La presenza massiccia di studenti cinesi negli atenei degli Stati Uniti, lo scambio di docenti e di ricercatori, il ruolo delle Big Tech e delle start up americane ha consentito alla Cina di compiere un salto tecnologico. Ma negli Stati Uniti è una lunga parentesi che sembra oggi dimenticata.

Dopo le prime sanzioni per Tiennamen, il famoso viaggio di Deng Xiao Ping nel sud della Cina del 1992 aveva riacceso a Washington le speranze di una autentica apertura economica e per quanto parziali anche di alcune potenziali riforme di natura politica.

I Presidenti Bush padre e figlio, Bill Clinton e Barack Obama (nel suo primo mandato) avevano tenuto un atteggiamento piuttosto costruttivo verso Pechino in cui gli elementi della cooperazione prevalevano su quelli della competizione.

La terza diversità è la meno conosciuta. Mi riferisco alla discontinuità determinata dal 18esimo congresso del Partito Comunista Cinese del novembre 2012. L’evento ha registrato un ampio ricambio del gruppo dirigente nonché una profonda svolta politica di cui solo recentemente si è potuto cogliere la rilevanza.

Con gli occhi di oggi – a quasi dieci anni di distanza – si ha l’impressione che in quel momento il Pcc abbia implicitamente preso le distanze dal riformismo pragmatico e dall’ “apertura al mondo” che ha catatterizzato il pensiero e l’azione di Deng Xiao Ping.

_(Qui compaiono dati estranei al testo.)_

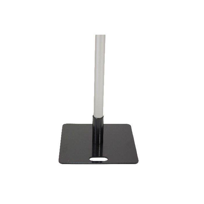 Pletina de acero con pivote central y empuñadura para mástiles telescópicos de diámetro 49 mm. Medidas: 40 x 40 cm. Peso: 10 kg.

È ancora molto difficile interpretare la portata del 18esimo congresso del Pcc e le sue conseguenze nel medio e lungo periodo. Forse per avere un quadro definito dovremmo attendere l’esito del XX congresso pianificato nel 2022.

Tuttavia l’impressione di numerosi osservatori è dominata da grande preoccupazione. Il timore e’ che negli ultimi anni si venuta affermando una involuzione politico-culturale profonda del regime cinese all’ insegna del neo-totalitarismo e del neo-maoismo nazionalista.

Questo processo involutivo ha progressivamente interrotto la cooperazione con gli Stati Uniti (già irritati per il deficit commerciale esorbitante e la conseguente
perdita di posti di lavoro).

Sul piano economico Il 18 congresso del Pcc ha anche segnato il progressivo ritorno del ruolo centrale dello Stato rispetto all’apertura all’ economia di mercato e agli investimenti stranieri. Basti pensare cosa succede in questi giorni alle imprese cinesi quotate a Wall street.

Ma l’aspetto più inquietante riguarda la sfera politico-ideologica. Una serie di sintomi emersi recentemente riportano alla mente alcune caratteritiche proprie del totalitarismo sovietico.

Oltre al dominio del Partito Comunista su tutti i settori della società e dello Stato, si assiste a fenomeni negativi quali abolizione dei rari spazi di libertà di stampa, l’esaltazione del pensiero unico, una più accentuata repressione delle minoranze etnoculturali, religiose e LGBT, la negazione delle libertà civili, il culto della personalità.

La dura repressione di Hong Kong, le persecuzioni degli Uiguri e tanti altri episodi documentati nel rapporto sulla Cina 2020 di Amnesty International  sono fenomeni preoccupanti su cui non si può tacere.

Se il ritorno al totalitarismo dovesse essere confermato nei prossimi anni l’ ipotesi di Kisssinger per un dialogo politico a 360 gradi avrebbe poche possibilità di successo.

Per esempio nessuno potrebbe più ignorare la minaccia dell’ egemonia mondiale della Cina nel settore delle telecomunicazioni e delle reti digitali; non tanto per ragioni economiche quanto in nome della libertà di informazione e della democrazia.

Probabilmente per gli Stati e l’ Europa è meglio limitarsi a cercare un accordo con la Cina su un numero limitato di temi di interesse globale in sede G20 e/o in altri fora internazianali: clima, ambiente, global health, minimum tax, ecc

In pratica anche per noi in Italia e in Europa (Orban permettendo) si tratta di promuovere un engagement limitato della Cina senza rinunciare a difendere pubblicamente il valore universale dei diritti civili, dei diritti sociali e delle libertà politiche e religiose.

Una politica estera verso la Cina esclusivamente basata sui diritti umani non è realistica, ma una politica estera che tenga conto anche dei diritti umani è un dovere a cui l’Italia non può sottrattarsi qualunque cosa ne pensino Beppe Grillo, Giuseppe Conte e Massimo D’Alema.